- [WHAT YOU NEED TO DO] Line by line, set down all the data below exactly, omitting any picture.

- [GIVEN MATERIAL]
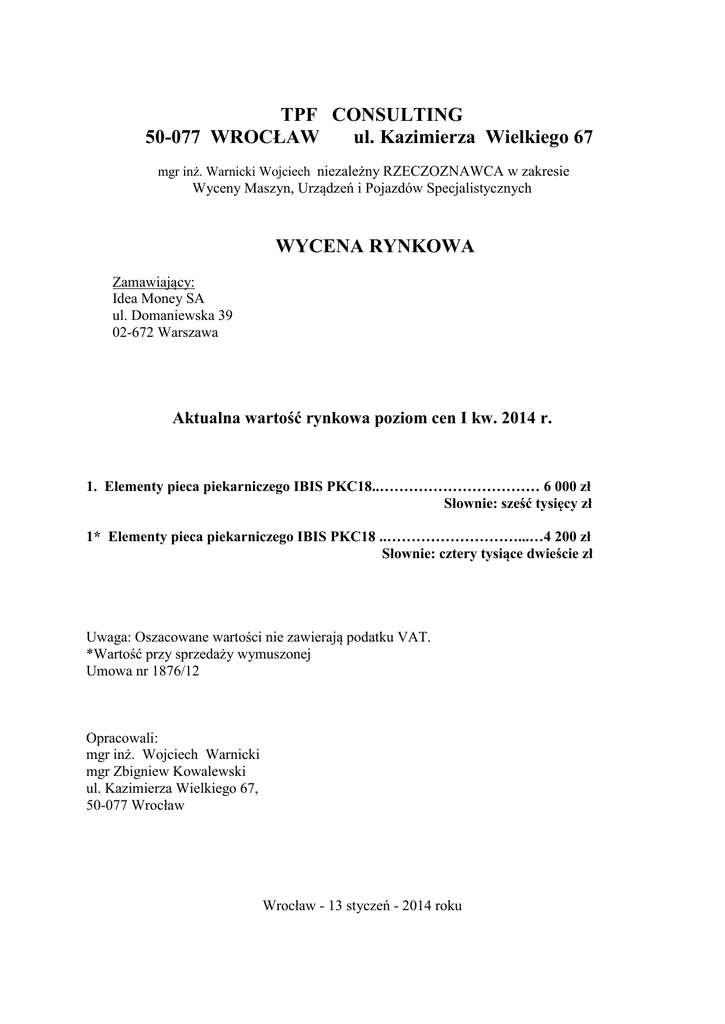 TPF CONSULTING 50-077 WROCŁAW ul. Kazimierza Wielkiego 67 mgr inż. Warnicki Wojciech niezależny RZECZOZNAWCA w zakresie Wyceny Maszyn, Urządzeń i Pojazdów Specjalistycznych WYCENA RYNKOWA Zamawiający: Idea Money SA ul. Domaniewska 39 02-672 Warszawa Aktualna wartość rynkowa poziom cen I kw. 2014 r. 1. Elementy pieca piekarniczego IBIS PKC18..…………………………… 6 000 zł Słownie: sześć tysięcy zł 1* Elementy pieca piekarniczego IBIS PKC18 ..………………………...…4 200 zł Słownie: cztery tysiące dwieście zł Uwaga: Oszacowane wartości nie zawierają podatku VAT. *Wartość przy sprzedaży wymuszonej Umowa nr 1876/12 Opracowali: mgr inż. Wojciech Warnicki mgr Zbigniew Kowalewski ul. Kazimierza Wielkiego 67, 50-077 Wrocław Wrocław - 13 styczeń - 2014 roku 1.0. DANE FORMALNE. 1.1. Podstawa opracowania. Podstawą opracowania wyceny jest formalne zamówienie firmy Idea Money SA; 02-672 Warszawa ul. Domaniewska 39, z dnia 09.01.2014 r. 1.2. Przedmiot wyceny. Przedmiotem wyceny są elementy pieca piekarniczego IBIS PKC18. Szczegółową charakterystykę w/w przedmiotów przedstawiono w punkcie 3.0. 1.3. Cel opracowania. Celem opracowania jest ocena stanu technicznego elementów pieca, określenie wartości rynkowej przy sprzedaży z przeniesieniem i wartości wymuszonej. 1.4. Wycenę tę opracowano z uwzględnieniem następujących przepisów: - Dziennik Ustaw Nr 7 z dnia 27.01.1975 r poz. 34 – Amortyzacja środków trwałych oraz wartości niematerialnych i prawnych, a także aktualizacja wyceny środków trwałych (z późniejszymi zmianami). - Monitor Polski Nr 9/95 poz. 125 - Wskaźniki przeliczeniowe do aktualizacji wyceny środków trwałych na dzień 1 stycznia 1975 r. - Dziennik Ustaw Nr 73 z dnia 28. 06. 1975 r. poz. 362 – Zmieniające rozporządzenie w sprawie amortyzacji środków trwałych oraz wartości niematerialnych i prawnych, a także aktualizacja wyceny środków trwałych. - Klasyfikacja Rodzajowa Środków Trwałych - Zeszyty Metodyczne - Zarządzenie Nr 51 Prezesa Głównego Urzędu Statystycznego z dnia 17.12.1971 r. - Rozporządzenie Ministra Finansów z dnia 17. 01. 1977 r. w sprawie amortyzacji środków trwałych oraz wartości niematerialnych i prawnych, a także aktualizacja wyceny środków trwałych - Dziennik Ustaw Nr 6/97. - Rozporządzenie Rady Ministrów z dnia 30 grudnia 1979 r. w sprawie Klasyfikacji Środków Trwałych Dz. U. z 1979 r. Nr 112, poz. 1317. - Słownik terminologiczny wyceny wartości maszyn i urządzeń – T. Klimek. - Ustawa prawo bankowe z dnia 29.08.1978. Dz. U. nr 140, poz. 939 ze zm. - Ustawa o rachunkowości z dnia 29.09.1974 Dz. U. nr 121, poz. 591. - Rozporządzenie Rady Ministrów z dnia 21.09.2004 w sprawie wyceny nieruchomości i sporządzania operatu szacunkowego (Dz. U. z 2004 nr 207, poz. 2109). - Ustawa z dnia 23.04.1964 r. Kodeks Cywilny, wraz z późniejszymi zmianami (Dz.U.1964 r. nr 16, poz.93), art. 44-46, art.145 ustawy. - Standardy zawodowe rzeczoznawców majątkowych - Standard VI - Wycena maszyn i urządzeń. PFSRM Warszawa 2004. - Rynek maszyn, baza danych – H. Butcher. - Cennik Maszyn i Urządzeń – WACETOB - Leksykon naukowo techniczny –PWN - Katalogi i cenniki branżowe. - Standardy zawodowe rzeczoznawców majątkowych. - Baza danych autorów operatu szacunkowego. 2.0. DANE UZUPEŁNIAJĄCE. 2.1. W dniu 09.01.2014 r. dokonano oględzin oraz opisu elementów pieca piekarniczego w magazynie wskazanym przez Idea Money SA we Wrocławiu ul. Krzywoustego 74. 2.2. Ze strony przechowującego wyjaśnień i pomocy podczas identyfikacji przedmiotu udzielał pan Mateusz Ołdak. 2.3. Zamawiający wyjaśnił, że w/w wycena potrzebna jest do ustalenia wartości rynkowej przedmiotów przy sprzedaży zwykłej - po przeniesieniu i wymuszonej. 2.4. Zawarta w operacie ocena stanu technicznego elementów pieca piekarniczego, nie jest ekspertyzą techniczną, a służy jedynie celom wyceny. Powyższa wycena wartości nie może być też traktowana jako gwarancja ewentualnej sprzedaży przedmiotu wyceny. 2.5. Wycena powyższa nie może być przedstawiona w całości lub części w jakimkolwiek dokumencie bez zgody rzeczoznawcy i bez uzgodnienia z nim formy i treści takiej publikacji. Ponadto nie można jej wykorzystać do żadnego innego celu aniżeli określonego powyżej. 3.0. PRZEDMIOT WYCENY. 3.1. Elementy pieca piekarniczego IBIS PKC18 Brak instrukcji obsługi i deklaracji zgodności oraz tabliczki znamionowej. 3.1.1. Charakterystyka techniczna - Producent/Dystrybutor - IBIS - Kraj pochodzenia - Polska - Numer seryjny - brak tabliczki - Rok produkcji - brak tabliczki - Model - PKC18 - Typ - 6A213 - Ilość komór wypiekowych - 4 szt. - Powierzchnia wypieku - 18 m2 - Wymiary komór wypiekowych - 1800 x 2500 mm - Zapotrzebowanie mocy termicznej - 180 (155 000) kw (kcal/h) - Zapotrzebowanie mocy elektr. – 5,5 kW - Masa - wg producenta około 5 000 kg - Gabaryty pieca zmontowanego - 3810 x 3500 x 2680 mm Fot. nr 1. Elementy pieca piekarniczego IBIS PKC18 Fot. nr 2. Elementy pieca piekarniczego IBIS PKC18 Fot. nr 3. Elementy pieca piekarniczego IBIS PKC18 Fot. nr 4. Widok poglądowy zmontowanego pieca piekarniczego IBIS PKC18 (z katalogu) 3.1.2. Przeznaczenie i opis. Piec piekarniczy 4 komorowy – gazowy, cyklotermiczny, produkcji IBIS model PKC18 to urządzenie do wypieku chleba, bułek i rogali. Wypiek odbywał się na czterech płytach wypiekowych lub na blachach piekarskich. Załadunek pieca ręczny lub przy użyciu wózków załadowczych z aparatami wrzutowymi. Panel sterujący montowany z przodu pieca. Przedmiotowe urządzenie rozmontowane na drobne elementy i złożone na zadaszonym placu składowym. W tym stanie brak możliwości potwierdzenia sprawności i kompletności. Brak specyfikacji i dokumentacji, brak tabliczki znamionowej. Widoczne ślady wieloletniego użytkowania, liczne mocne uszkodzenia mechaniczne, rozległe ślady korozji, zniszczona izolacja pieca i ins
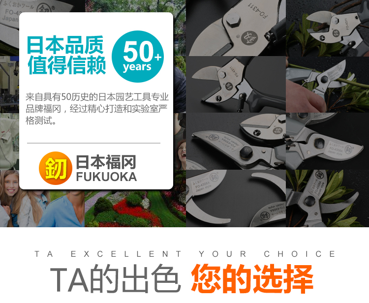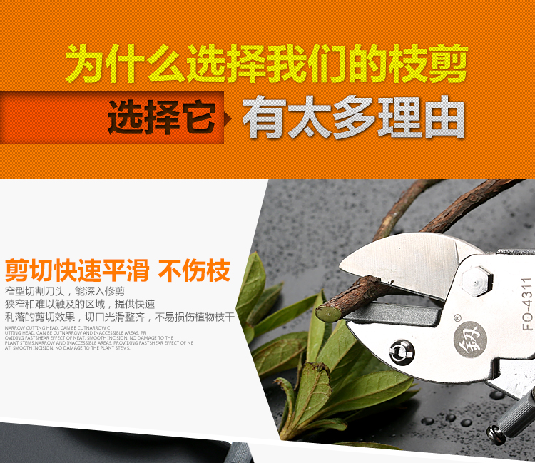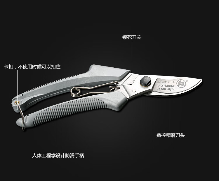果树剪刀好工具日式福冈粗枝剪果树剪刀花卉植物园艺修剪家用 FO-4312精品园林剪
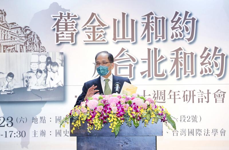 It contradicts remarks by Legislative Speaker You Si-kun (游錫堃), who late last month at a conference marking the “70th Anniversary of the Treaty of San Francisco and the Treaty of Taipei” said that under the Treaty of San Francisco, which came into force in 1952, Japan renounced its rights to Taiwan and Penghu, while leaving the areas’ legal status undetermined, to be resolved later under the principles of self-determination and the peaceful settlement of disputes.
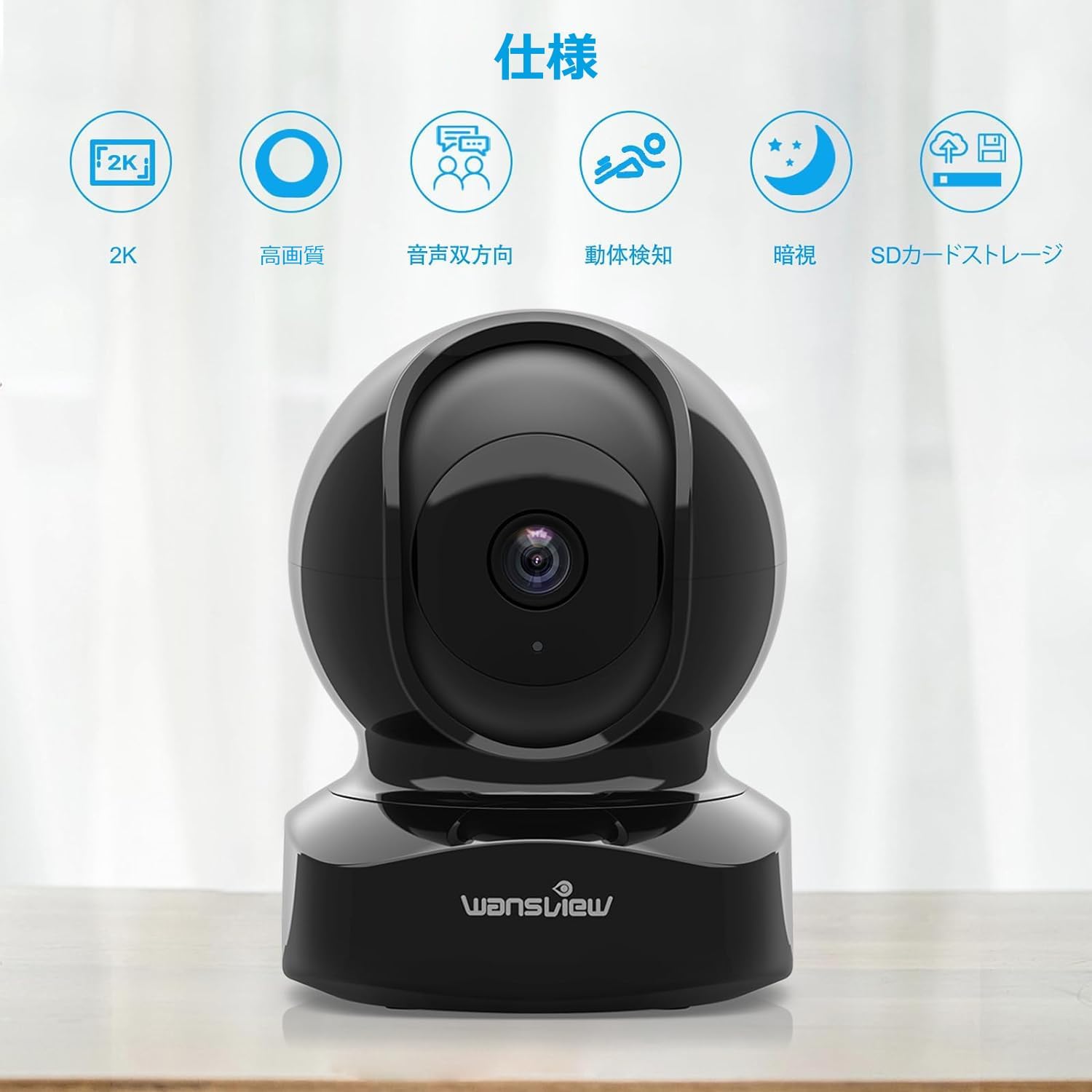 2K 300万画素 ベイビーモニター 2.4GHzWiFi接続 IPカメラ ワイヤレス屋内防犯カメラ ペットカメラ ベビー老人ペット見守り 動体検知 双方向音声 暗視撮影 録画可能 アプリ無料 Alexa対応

- [TASK SOLUTION]
 TPF CONSULTING 50-077 WROCŁAW ul. Kazimierza Wielkiego 67 mgr inż. Warnicki Wojciech niezależny RZECZOZNAWCA w zakresie Wyceny Maszyn, Urządzeń i Pojazdów Specjalistycznych WYCENA RYNKOWA Zamawiający: Idea Money SA ul. Domaniewska 39 02-672 Warszawa Aktualna wartość rynkowa poziom cen I kw. 2014 r. 1. Elementy pieca piekarniczego IBIS PKC18..…………………………… 6 000 zł Słownie: sześć tysięcy zł 1* Elementy pieca piekarniczego IBIS PKC18 ..………………………...…4 200 zł Słownie: cztery tysiące dwieście zł Uwaga: Oszacowane wartości nie zawierają podatku VAT. *Wartość przy sprzedaży wymuszonej Umowa nr 1876/12 Opracowali: mgr inż. Wojciech Warnicki mgr Zbigniew Kowalewski ul. Kazimierza Wielkiego 67, 50-077 Wrocław Wrocław - 13 styczeń - 2014 roku 1.0. DANE FORMALNE. 1.1. Podstawa opracowania. Podstawą opracowania wyceny jest formalne zamówienie firmy Idea Money SA; 02-672 Warszawa ul. Domaniewska 39, z dnia 09.01.2014 r. 1.2. Przedmiot wyceny. Przedmiotem wyceny są elementy pieca piekarniczego IBIS PKC18. Szczegółową charakterystykę w/w przedmiotów przedstawiono w punkcie 3.0. 1.3. Cel opracowania. Celem opracowania jest ocena stanu technicznego elementów pieca, określenie wartości rynkowej przy sprzedaży z przeniesieniem i wartości wymuszonej. 1.4. Wycenę tę opracowano z uwzględnieniem następujących przepisów: - Dziennik Ustaw Nr 7 z dnia 27.01.1975 r poz. 34 – Amortyzacja środków trwałych oraz wartości niematerialnych i prawnych, a także aktualizacja wyceny środków trwałych (z późniejszymi zmianami). - Monitor Polski Nr 9/95 poz. 125 - Wskaźniki przeliczeniowe do aktualizacji wyceny środków trwałych na dzień 1 stycznia 1975 r. - Dziennik Ustaw Nr 73 z dnia 28. 06. 1975 r. poz. 362 – Zmieniające rozporządzenie w sprawie amortyzacji środków trwałych oraz wartości niematerialnych i prawnych, a także aktualizacja wyceny środków trwałych. - Klasyfikacja Rodzajowa Środków Trwałych - Zeszyty Metodyczne - Zarządzenie Nr 51 Prezesa Głównego Urzędu Statystycznego z dnia 17.12.1971 r. - Rozporządzenie Ministra Finansów z dnia 17. 01. 1977 r. w sprawie amortyzacji środków trwałych oraz wartości niematerialnych i prawnych, a także aktualizacja wyceny środków trwałych - Dziennik Ustaw Nr 6/97. - Rozporządzenie Rady Ministrów z dnia 30 grudnia 1979 r. w sprawie Klasyfikacji Środków Trwałych Dz. U. z 1979 r. Nr 112, poz. 1317. - Słownik terminologiczny wyceny wartości maszyn i urządzeń – T. Klimek. - Ustawa prawo bankowe z dnia 29.08.1978. Dz. U. nr 140, poz. 939 ze zm. - Ustawa o rachunkowości z dnia 29.09.1974 Dz. U. nr 121, poz. 591. - Rozporządzenie Rady Ministrów z dnia 21.09.2004 w sprawie wyceny nieruchomości i sporządzania operatu szacunkowego (Dz. U. z 2004 nr 207, poz. 2109). - Ustawa z dnia 23.04.1964 r. Kodeks Cywilny, wraz z późniejszymi zmianami (Dz.U.1964 r. nr 16, poz.93), art. 44-46, art.145 ustawy. - Standardy zawodowe rzeczoznawców majątkowych - Standard VI - Wycena maszyn i urządzeń. PFSRM Warszawa 2004. - Rynek maszyn, baza danych – H. Butcher. - Cennik Maszyn i Urządzeń – WACETOB - Leksykon naukowo techniczny –PWN - Katalogi i cenniki branżowe. - Standardy zawodowe rzeczoznawców majątkowych. - Baza danych autorów operatu szacunkowego. 2.0. DANE UZUPEŁNIAJĄCE. 2.1. W dniu 09.01.2014 r. dokonano oględzin oraz opisu elementów pieca piekarniczego w magazynie wskazanym przez Idea Money SA we Wrocławiu ul. Krzywoustego 74. 2.2. Ze strony przechowującego wyjaśnień i pomocy podczas identyfikacji przedmiotu udzielał pan Mateusz Ołdak. 2.3. Zamawiający wyjaśnił, że w/w wycena potrzebna jest do ustalenia wartości rynkowej przedmiotów przy sprzedaży zwykłej - po przeniesieniu i wymuszonej. 2.4. Zawarta w operacie ocena stanu technicznego elementów pieca piekarniczego, nie jest ekspertyzą techniczną, a służy jedynie celom wyceny. Powyższa wycena wartości nie może być też traktowana jako gwarancja ewentualnej sprzedaży przedmiotu wyceny. 2.5. Wycena powyższa nie może być przedstawiona w całości lub części w jakimkolwiek dokumencie bez zgody rzeczoznawcy i bez uzgodnienia z nim formy i treści takiej publikacji. Ponadto nie można jej wykorzystać do żadnego innego celu aniżeli określonego powyżej. 3.0. PRZEDMIOT WYCENY. 3.1. Elementy pieca piekarniczego IBIS PKC18 Brak instrukcji obsługi i deklaracji zgodności oraz tabliczki znamionowej. 3.1.1. Charakterystyka techniczna - Producent/Dystrybutor - IBIS - Kraj pochodzenia - Polska - Numer seryjny - brak tabliczki - Rok produkcji - brak tabliczki - Model - PKC18 - Typ - 6A213 - Ilość komór wypiekowych - 4 szt. - Powierzchnia wypieku - 18 m2 - Wymiary komór wypiekowych - 1800 x 2500 mm - Zapotrzebowanie mocy termicznej - 180 (155 000) kw (kcal/h) - Zapotrzebowanie mocy elektr. – 5,5 kW - Masa - wg producenta około 5 000 kg - Gabaryty pieca zmontowanego - 3810 x 3500 x 2680 mm Fot. nr 1. Elementy pieca piekarniczego IBIS PKC18 Fot. nr 2. Elementy pieca piekarniczego IBIS PKC18 Fot. nr 3. Elementy pieca piekarniczego IBIS PKC18 Fot. nr 4. Widok poglądowy zmontowanego pieca piekarniczego IBIS PKC18 (z katalogu) 3.1.2. Przeznaczenie i opis. Piec piekarniczy 4 komorowy – gazowy, cyklotermiczny, produkcji IBIS model PKC18 to urządzenie do wypieku chleba, bułek i rogali. Wypiek odbywał się na czterech płytach wypiekowych lub na blachach piekarskich. Załadunek pieca ręczny lub przy użyciu wózków załadowczych z aparatami wrzutowymi. Panel sterujący montowany z przodu pieca. Przedmiotowe urządzenie rozmontowane na drobne elementy i złożone na zadaszonym placu składowym. W tym stanie brak możliwości potwierdzenia sprawności i kompletności. Brak specyfikacji i dokumentacji, brak tabliczki znamionowej. Widoczne ślady wieloletniego użytkowania, liczne mocne uszkodzenia mechaniczne, rozległe ślady korozji, zniszczona izolacja pieca i ins
果树剪刀好工具日式福冈粗枝剪果树剪刀花卉植物园艺修剪家用 FO-4312精品园林剪
 It contradicts remarks by Legislative Speaker You Si-kun (游錫堃), who late last month at a conference marking the “70th Anniversary of the Treaty of San Francisco and the Treaty of Taipei” said that under the Treaty of San Francisco, which came into force in 1952, Japan renounced its rights to Taiwan and Penghu, while leaving the areas’ legal status undetermined, to be resolved later under the principles of self-determination and the peaceful settlement of disputes.
 2K 300万画素 ベイビーモニター 2.4GHzWiFi接続 IPカメラ ワイヤレス屋内防犯カメラ ペットカメラ ベビー老人ペット見守り 動体検知 双方向音声 暗視撮影 録画可能 アプリ無料 Alexa対応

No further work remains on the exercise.